Lo Stato dell'Energia Oggi
Nel 2024, il mondo ha prodotto il 15% in più di energia da fonti rinnovabili. Questo è l'aumento annuale più grande mai registrato.
Però, c'è un dato negativo: le emissioni di CO2 sono salite dell'1%, toccando un nuovo massimo storico. Nonostante questo, l'Agenzia internazionale dell'energia (IEA) pensa che il consumo di combustibili fossili (come petrolio e gas) comincerà a scendere prima del 2030. Questo avverrà grazie alla diffusione veloce delle tecnologie sostenibili.
Le Nuove Tecnologie Che Cambiano Tutto
Il settore delle energie rinnovabili sta vivendo una grande trasformazione. Nuove tecnologie stanno rendendo l'energia pulita più accessibile e meno costosa.
- · Il Fotovoltaico: I pannelli solari sono una tecnologia nota, ma continuano a migliorare. Le nuove celle solari usano materiali speciali chiamati perovskiti. Questi offrono un'efficienza maggiore e la loro produzione costa meno rispetto ai pannelli in silicio. Sono anche leggeri e flessibili, ideali per tetti, facciate o auto. Esiste anche il fotovoltaico bifacciale, che prende luce da entrambi i lati del pannello, aumentando la produzione di energia fino al 30%.
- · L'Eolico in Alto Mare: Le turbine eoliche galleggianti sono una grande novità. A differenza di quelle fissate al fondale, queste possono essere installate in acque profonde. Lì, il vento è più forte e costante. Questo apre nuove opportunità per sfruttare l'energia eolica negli oceani.
- · L'Idrogeno Verde: È prodotto con l'elettricità da fonti rinnovabili. L'idrogeno verde è un modo pulito per immagazzinare grandi quantità di energia. È utile per settori difficili da elettrificare, come l'industria pesante (acciaio, cemento) e le grandi navi. È visto come una soluzione chiave per azzerare le emissioni globali.
Queste innovazioni stanno ridisegnando il panorama energetico globale.
Cosa sono le celle solari in perovskite
Le celle solari in perovskite sono dispositivi fotovoltaici che utilizzano come materiale assorbente un composto con struttura cristallina di tipo perovskite (vedi immagine). Queste perovskiti spesso sono ibridi organico-inorganici a base di alogenuro di piombo o stagno e sono lavorabili in film sottili con processi a basso costo

Struttura cristallina delle perovskiti CH3NH3PbX3. Il catione metil-ammonio (CH3NH3+) è circondato dagli ottaedri PbX6. (credit Christopher Eames e altri)
Il Funzionamento delle Celle Solari a Perovskite
Le celle solari realizzate con materiali perovskitici rappresentano una tecnologia di nuova generazione.

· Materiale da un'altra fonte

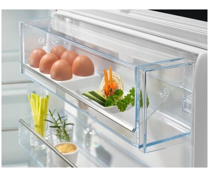 Холодильник-морозильник 600 TwinTech® сохраняет сочность продуктов на 60% лучше, чем холодильники с одним испарителем. Сдвоенная система охлаждения поддерживает идеальный уровень влажности и защищает продукты от потери влаги. Кроме того, вам больше не придется размораживать морозильную камеру. Благодаря технологии TwinTech продукты остаются на 60 % более сочными. Умное двойное охлаждение TwinTech® No Frost защитит продукты от потери влаги. Раздельное охлаждение холодильной и морозильной камер превосходит стандартные системы No Frost. Забудьте про наледь в морозильной камере! C TwinTech® No Frost продукты в холодильной камере будут «усыхать» на 60% меньше. По результатам внутреннего испытания с измерением уровня влажности по истечении 9 дней хранения продуктов в сравнении с собственным прибором с одним испарителем. MultiSpace: абсолютная гибкость хранения

La loro efficienza nel convertire la luce solare in elettricità è eccezionale.
Il funzionamento di una cella a perovskite si basa su una serie di semplici passaggi:
- · Assorbimento della Luce Solare: Il materiale perovskite cattura i fotoni solari. Crea così delle coppie di cariche elettriche: gli elettroni e le lacune. Poiché la perovskite assorbe molto bene la luce, bastano strati sottili del materiale per catturare gran parte della radiazione solare.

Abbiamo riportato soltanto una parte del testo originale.